[Opening SOURCE INFORMATION section]

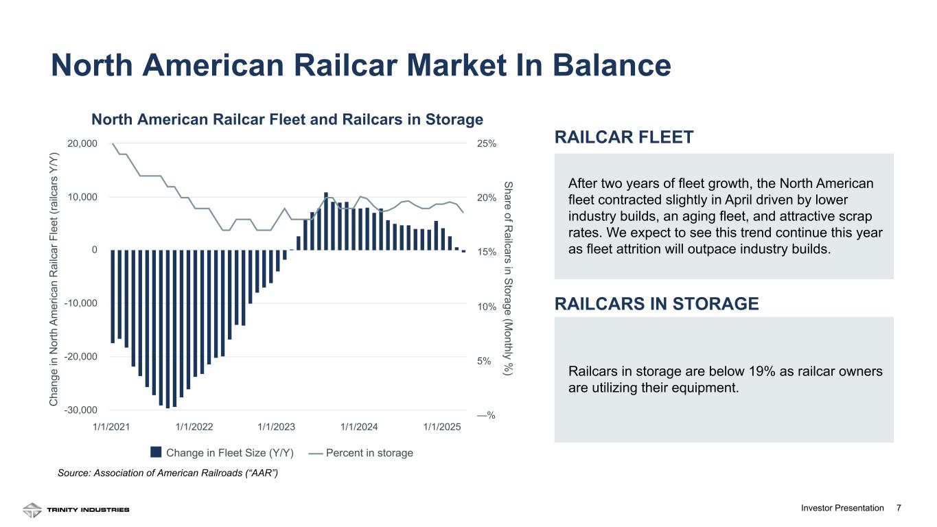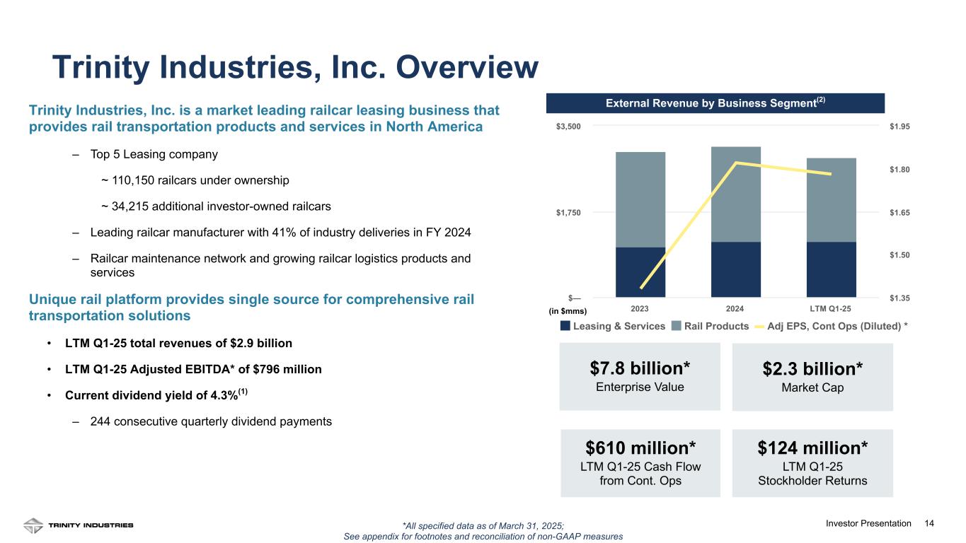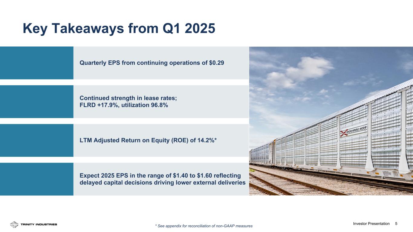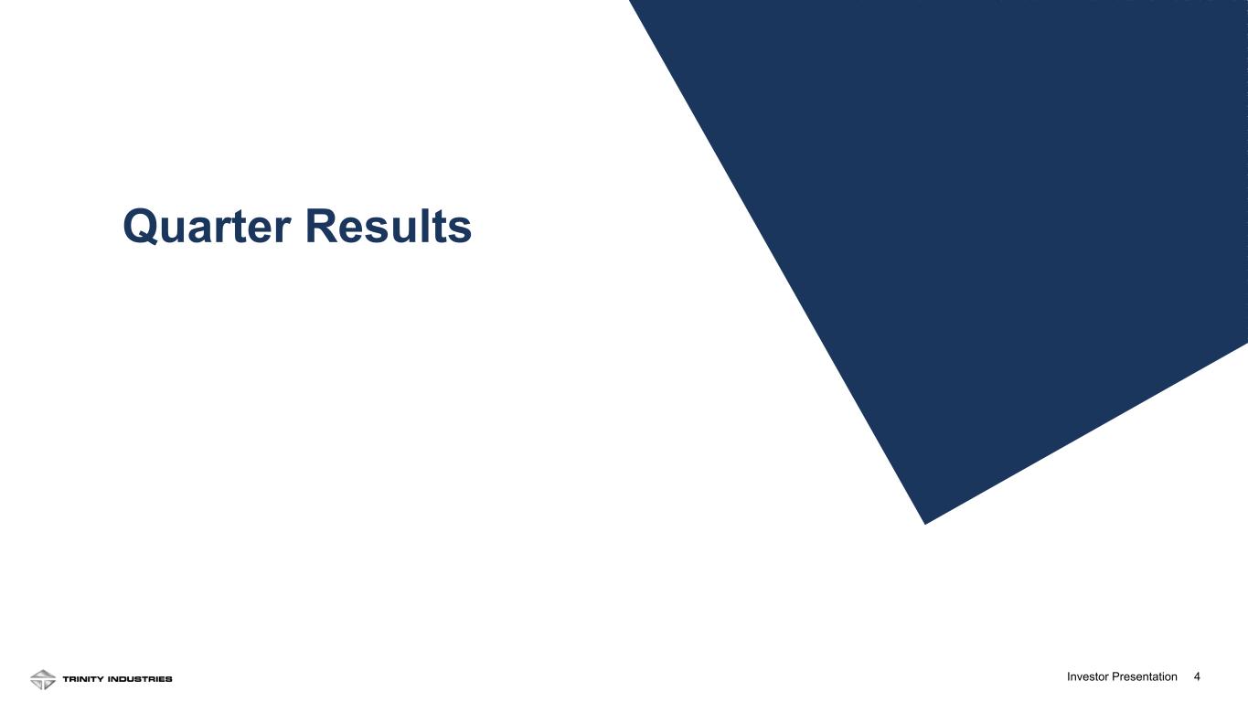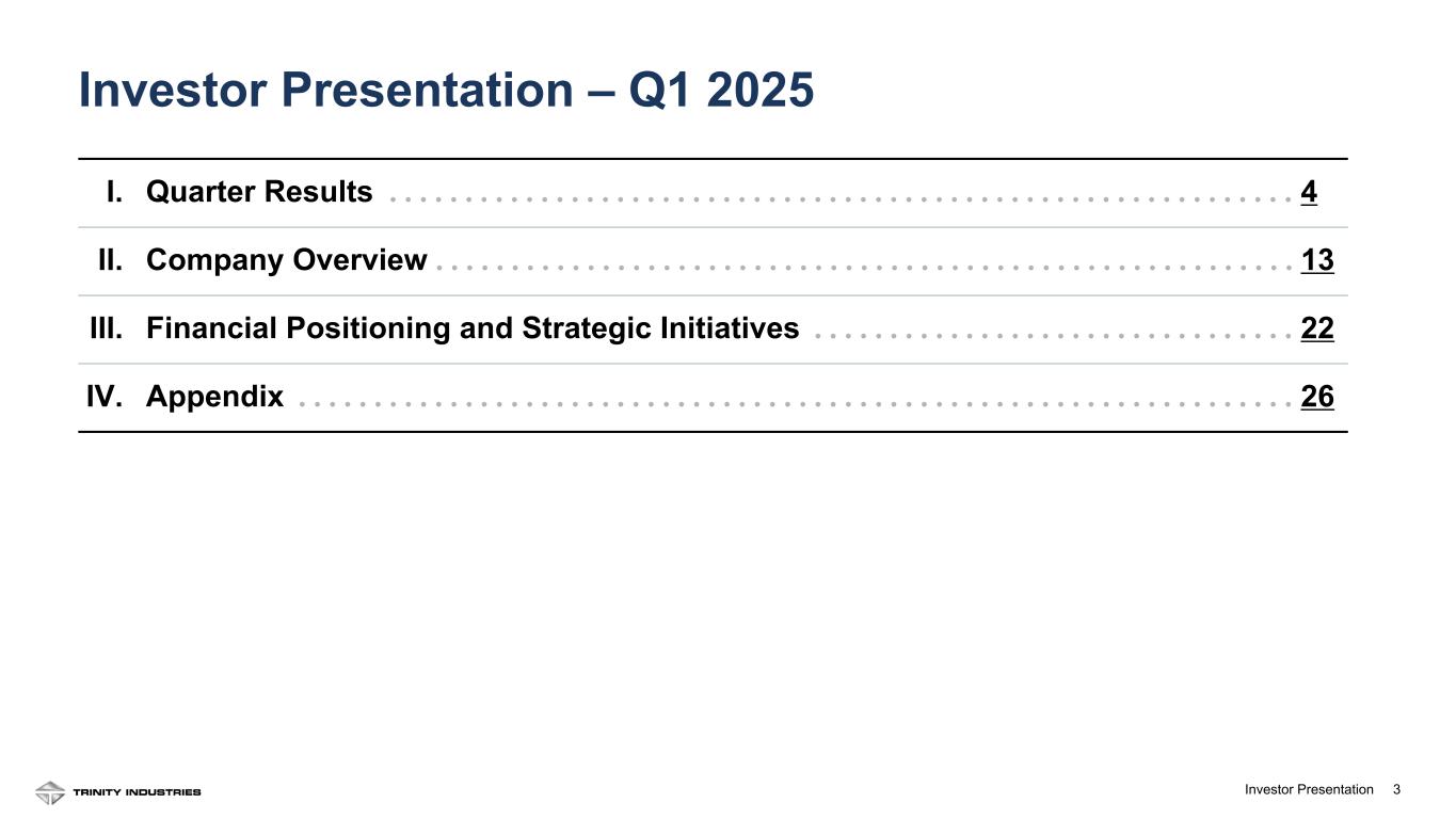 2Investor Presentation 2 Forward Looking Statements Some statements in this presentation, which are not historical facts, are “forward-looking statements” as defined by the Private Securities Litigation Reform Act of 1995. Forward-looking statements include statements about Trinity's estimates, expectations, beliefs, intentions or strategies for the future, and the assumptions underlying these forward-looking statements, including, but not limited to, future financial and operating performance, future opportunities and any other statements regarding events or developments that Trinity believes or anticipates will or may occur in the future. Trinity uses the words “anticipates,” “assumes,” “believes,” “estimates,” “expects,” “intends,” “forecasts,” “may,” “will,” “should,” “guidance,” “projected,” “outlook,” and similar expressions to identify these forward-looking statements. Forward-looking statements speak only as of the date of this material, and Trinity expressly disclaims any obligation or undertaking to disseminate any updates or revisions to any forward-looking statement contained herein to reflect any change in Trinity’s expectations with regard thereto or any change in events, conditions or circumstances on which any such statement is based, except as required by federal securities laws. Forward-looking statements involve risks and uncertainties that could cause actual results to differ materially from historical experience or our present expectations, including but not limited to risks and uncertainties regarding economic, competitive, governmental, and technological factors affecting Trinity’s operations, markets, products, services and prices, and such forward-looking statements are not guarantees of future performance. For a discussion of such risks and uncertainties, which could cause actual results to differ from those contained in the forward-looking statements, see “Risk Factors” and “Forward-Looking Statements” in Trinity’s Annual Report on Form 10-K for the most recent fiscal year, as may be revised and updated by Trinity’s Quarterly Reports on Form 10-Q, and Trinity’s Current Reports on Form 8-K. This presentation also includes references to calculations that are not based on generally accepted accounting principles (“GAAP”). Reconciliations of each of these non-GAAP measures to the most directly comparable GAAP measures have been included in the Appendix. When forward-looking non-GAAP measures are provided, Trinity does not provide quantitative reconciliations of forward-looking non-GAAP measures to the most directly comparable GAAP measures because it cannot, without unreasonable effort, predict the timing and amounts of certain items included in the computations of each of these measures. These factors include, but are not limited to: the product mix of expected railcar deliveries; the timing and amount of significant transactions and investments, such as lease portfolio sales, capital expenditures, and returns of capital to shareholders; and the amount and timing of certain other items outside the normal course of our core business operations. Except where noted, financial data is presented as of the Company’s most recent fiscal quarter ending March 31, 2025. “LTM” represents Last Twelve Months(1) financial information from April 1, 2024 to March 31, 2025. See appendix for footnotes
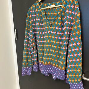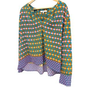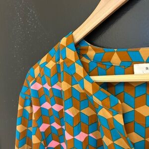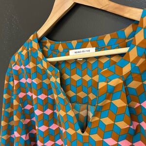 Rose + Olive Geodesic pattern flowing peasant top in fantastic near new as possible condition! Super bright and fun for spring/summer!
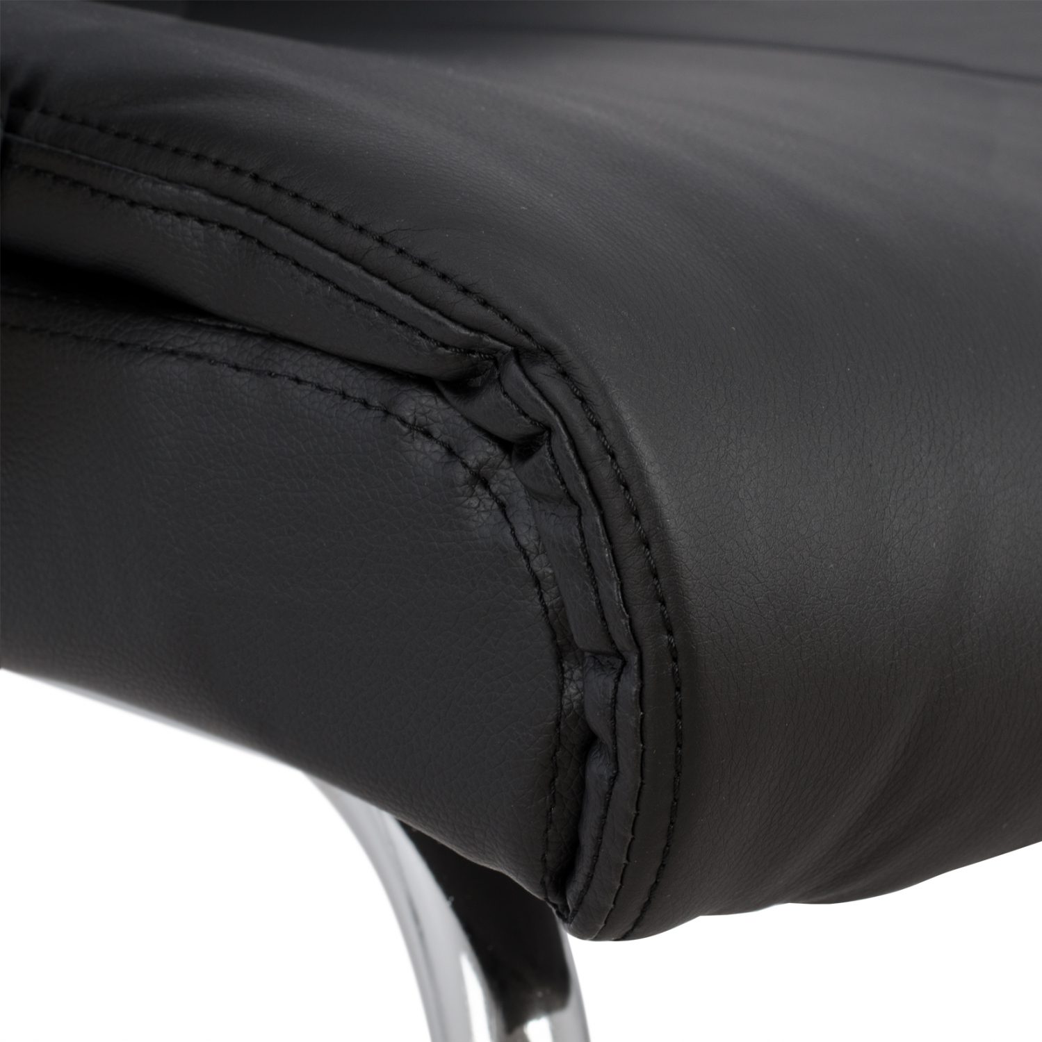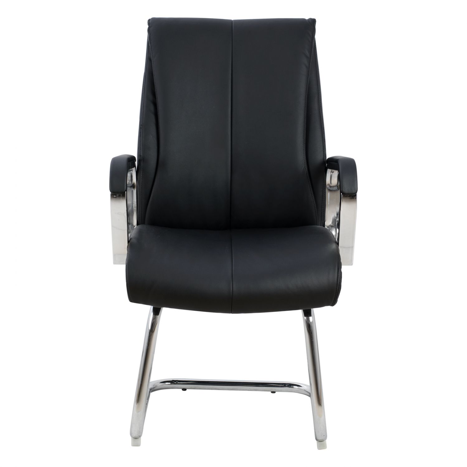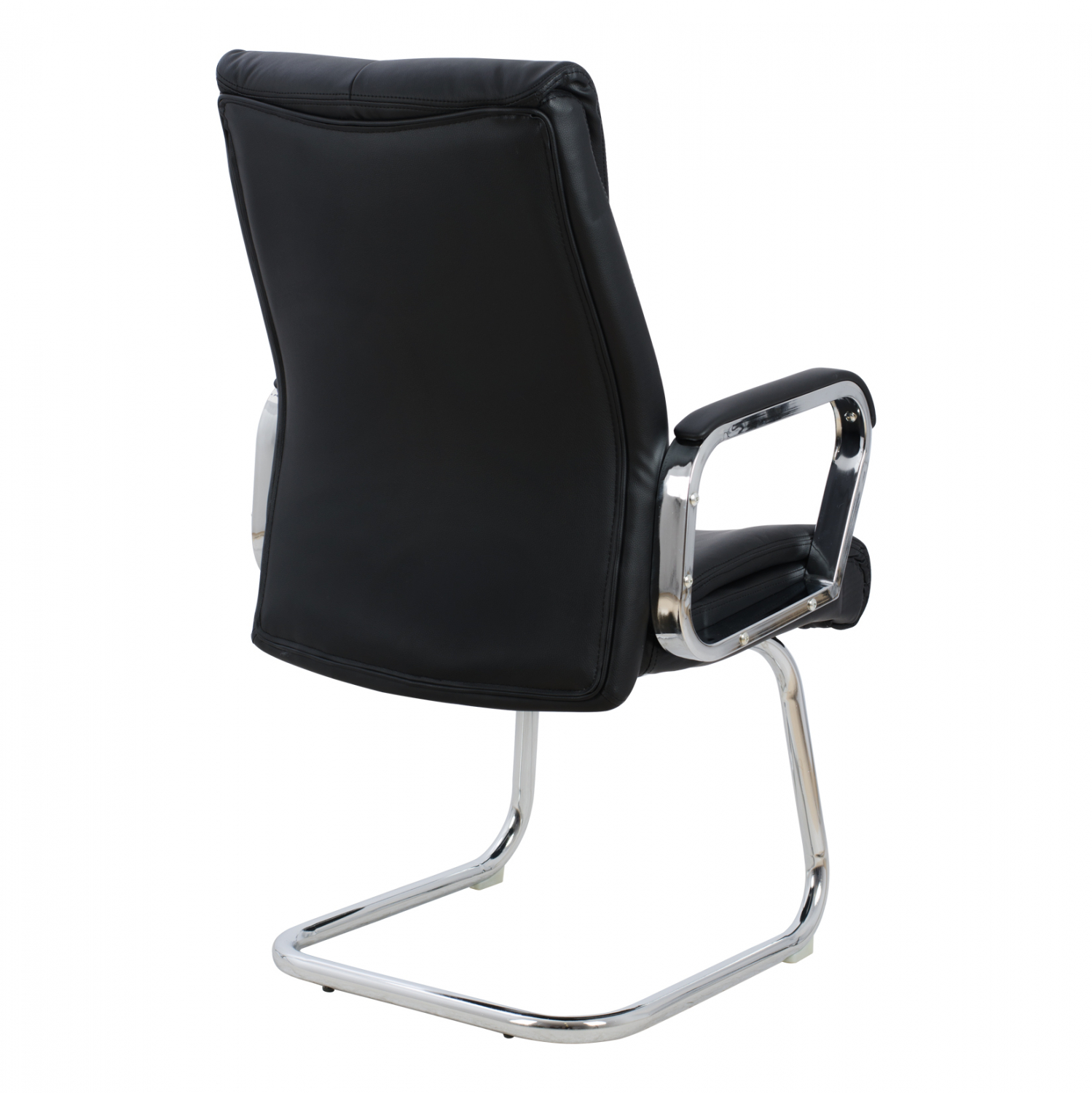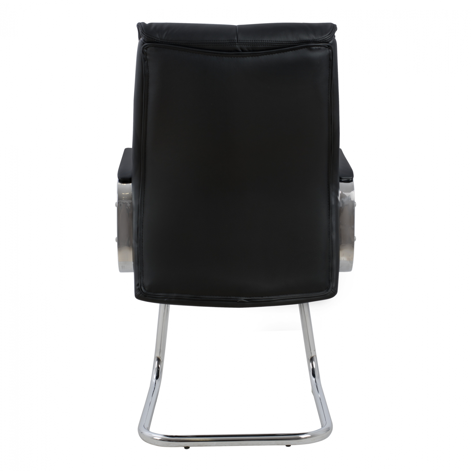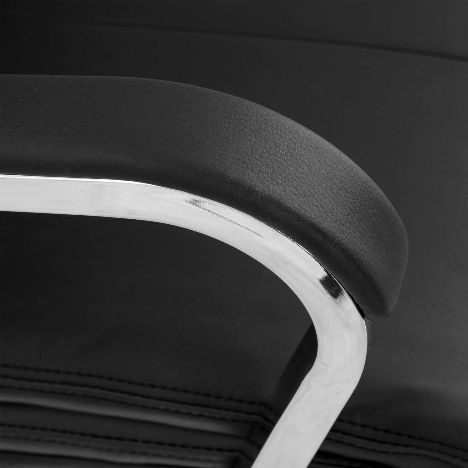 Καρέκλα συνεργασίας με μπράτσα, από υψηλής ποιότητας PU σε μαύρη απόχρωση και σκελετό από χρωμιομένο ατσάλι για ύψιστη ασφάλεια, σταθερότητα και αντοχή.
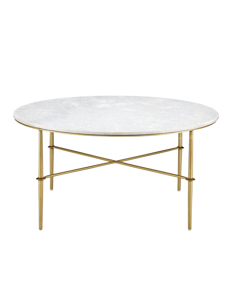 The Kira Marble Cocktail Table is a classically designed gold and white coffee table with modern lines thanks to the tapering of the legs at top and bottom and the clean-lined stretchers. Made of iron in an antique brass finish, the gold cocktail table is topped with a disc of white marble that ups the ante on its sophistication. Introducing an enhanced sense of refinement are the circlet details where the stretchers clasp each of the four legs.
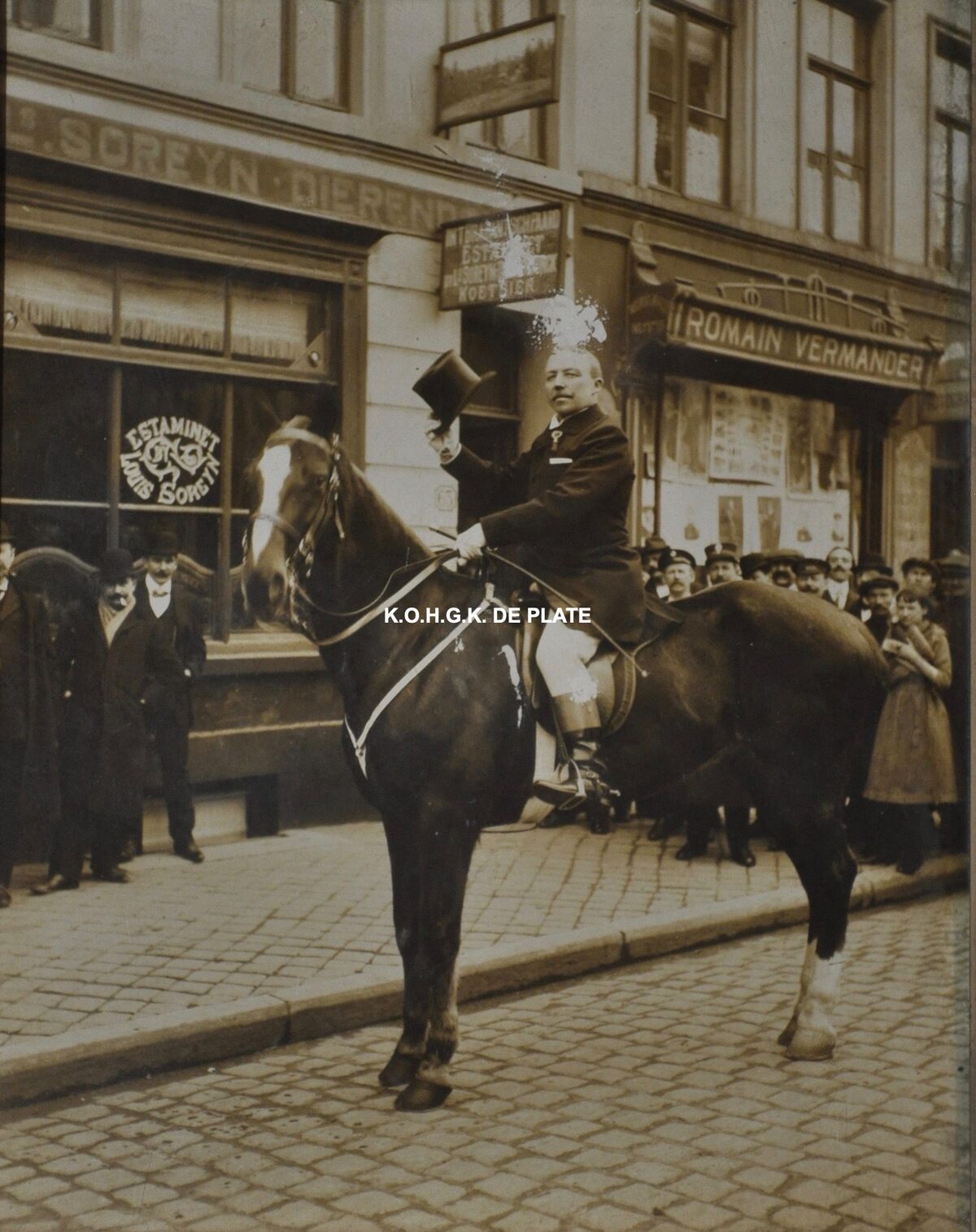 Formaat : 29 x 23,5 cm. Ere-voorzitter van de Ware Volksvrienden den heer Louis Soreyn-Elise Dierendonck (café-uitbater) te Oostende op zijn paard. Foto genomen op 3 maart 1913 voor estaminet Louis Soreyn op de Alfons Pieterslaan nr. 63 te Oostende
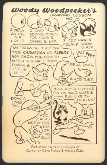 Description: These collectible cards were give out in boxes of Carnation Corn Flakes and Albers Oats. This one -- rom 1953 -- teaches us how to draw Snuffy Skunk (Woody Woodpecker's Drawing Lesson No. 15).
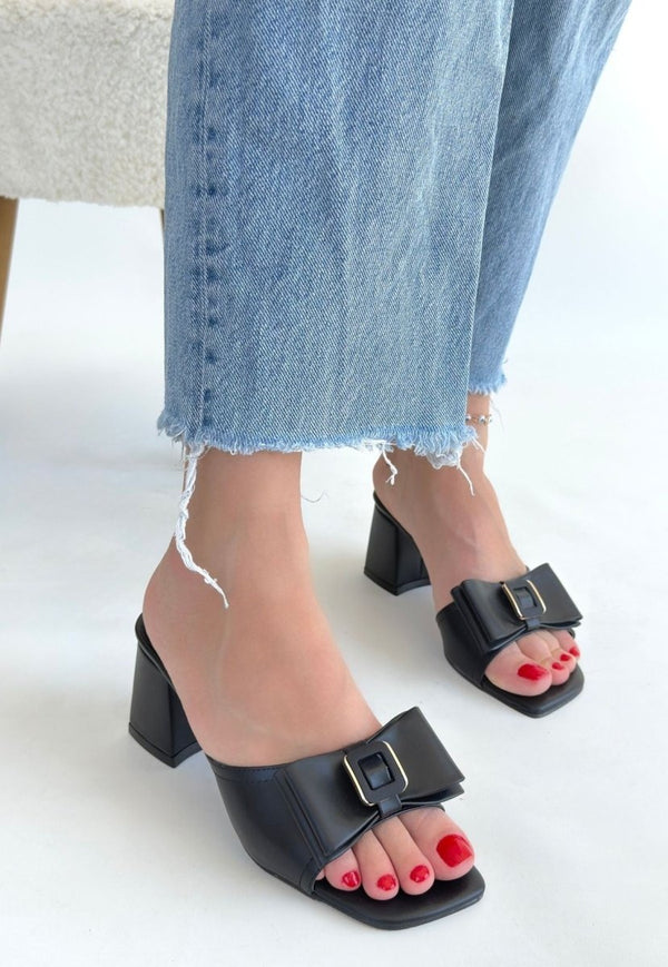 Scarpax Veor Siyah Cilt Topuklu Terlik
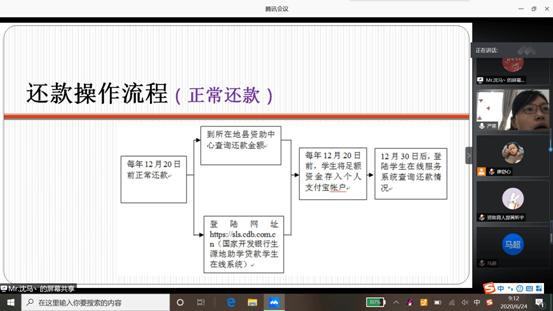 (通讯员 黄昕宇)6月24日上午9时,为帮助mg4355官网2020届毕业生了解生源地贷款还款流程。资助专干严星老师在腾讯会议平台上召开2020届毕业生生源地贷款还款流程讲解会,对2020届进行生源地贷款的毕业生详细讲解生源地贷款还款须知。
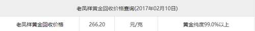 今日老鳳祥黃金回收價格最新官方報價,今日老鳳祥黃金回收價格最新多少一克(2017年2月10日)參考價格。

[Closing SOURCE INFORMATION section]

• PROBLEM TO WORK ON:
Among the entries above, copy exactly the stretch from the line holding "The Kira Marble" through the line holding "Description: These collectible", leaving out any pictures.

• SOLUTION TO THE PROBLEM:
 The Kira Marble Cocktail Table is a classically designed gold and white coffee table with modern lines thanks to the tapering of the legs at top and bottom and the clean-lined stretchers. Made of iron in an antique brass finish, the gold cocktail table is topped with a disc of white marble that ups the ante on its sophistication. Introducing an enhanced sense of refinement are the circlet details where the stretchers clasp each of the four legs.
 Formaat : 29 x 23,5 cm. Ere-voorzitter van de Ware Volksvrienden den heer Louis Soreyn-Elise Dierendonck (café-uitbater) te Oostende op zijn paard. Foto genomen op 3 maart 1913 voor estaminet Louis Soreyn op de Alfons Pieterslaan nr. 63 te Oostende
 Description: These collectible cards were give out in boxes of Carnation Corn Flakes and Albers Oats. This one -- rom 1953 -- teaches us how to draw Snuffy Skunk (Woody Woodpecker's Drawing Lesson No. 15).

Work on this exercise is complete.